What is being asked:
Set down the data below without change, skipping the pictures it holds.

Data shown:

>>>>

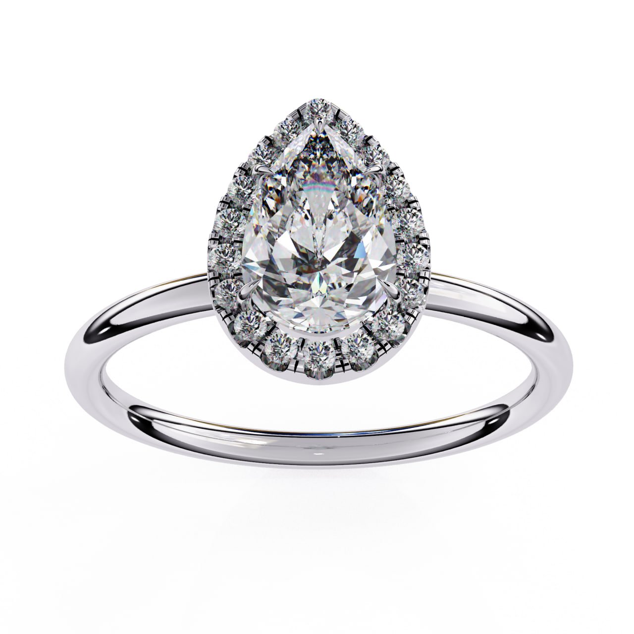 SKU : R119This elegant Pear Halo Diamond Ring features a stunning pear-shaped center diamond surrounded by a brilliant halo of round diamonds. The halo enhances sparkle and creates a graceful, elongated silhouette, while the slim polished band ensures a refined and timeless look. Perfect for engagements, anniversaries, or luxury gifting, this ring blends classic beauty with modern elegance.
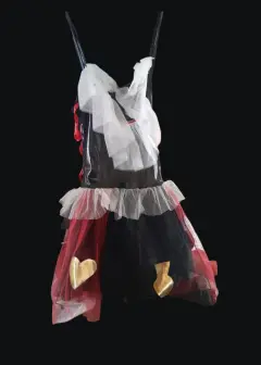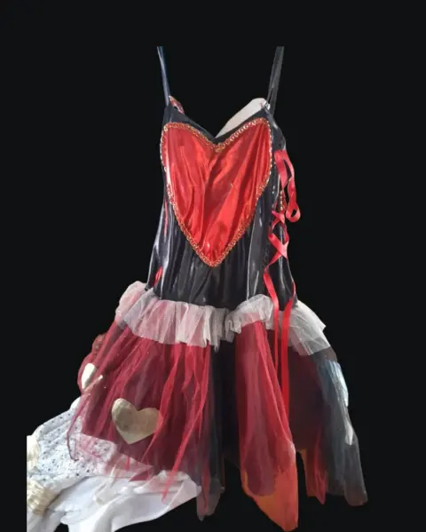 Disfraz reina corazónes. Vestido en razo, tirantes, talla 10, con vuelo en tul
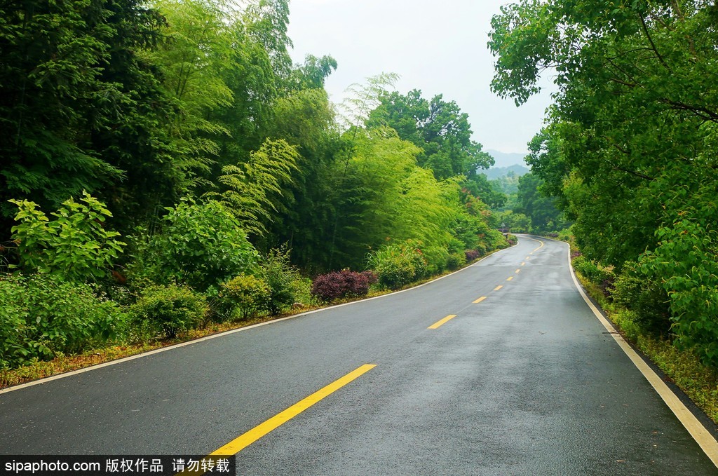 一場(chǎng)小雨過(guò)后,柏油馬路也顯得烏黑锃亮,與自然景觀構(gòu)成了一副美麗的圖景。途徑此處的省道218便利了塔川村的交通,塔川秋色也使這段公路成為了“最美公路”。
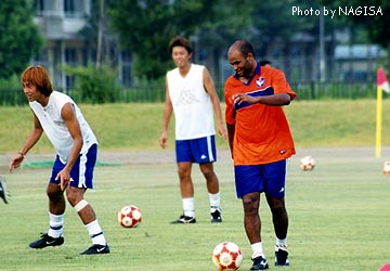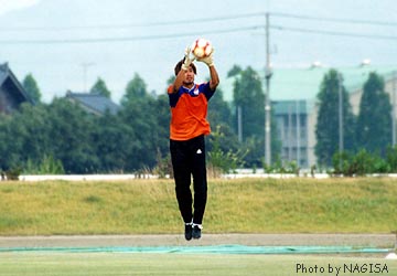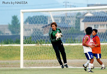 | 全国30万「前田っちファン」のみなさま 長らくお待たせいたしました! 渚のページに前田っち初登場でございまーーす。 でかいカラダにむさいヒゲ。よく通る声で、標準語と関西弁を巧みに使い分け、あなたのハートをがっちりわしづかみ。一度練習見学に行ったなら、あなたはもう前田っちの虜でぇ〜す。 とまあ、それはともかく(苦笑)、ゴールキーパーというのは因果なポジションです。 正GKがケガしたり、よほどのへまでもしない限り、交替出場する機会はめったにありません。万一交替で出るチャンスがあっても、その時に一度でもミスをしようものなら、その後二度と使ってもらえないかもしれない。しかもキーパーのミスは即失点につながるだけに、常に緊張を強いられるはず・・・。 そんな状態の中で、黙々と練習を続けるサブキーパーたち。 かれらの練習姿も、また美しいものです。 |

<<<<

Solution to the problem:
 SKU : R119This elegant Pear Halo Diamond Ring features a stunning pear-shaped center diamond surrounded by a brilliant halo of round diamonds. The halo enhances sparkle and creates a graceful, elongated silhouette, while the slim polished band ensures a refined and timeless look. Perfect for engagements, anniversaries, or luxury gifting, this ring blends classic beauty with modern elegance.
 Disfraz reina corazónes. Vestido en razo, tirantes, talla 10, con vuelo en tul
 一場(chǎng)小雨過(guò)后,柏油馬路也顯得烏黑锃亮,與自然景觀構(gòu)成了一副美麗的圖景。途徑此處的省道218便利了塔川村的交通,塔川秋色也使這段公路成為了“最美公路”。
 | 全国30万「前田っちファン」のみなさま 長らくお待たせいたしました! 渚のページに前田っち初登場でございまーーす。 でかいカラダにむさいヒゲ。よく通る声で、標準語と関西弁を巧みに使い分け、あなたのハートをがっちりわしづかみ。一度練習見学に行ったなら、あなたはもう前田っちの虜でぇ〜す。 とまあ、それはともかく(苦笑)、ゴールキーパーというのは因果なポジションです。 正GKがケガしたり、よほどのへまでもしない限り、交替出場する機会はめったにありません。万一交替で出るチャンスがあっても、その時に一度でもミスをしようものなら、その後二度と使ってもらえないかもしれない。しかもキーパーのミスは即失点につながるだけに、常に緊張を強いられるはず・・・。 そんな状態の中で、黙々と練習を続けるサブキーパーたち。 かれらの練習姿も、また美しいものです。 |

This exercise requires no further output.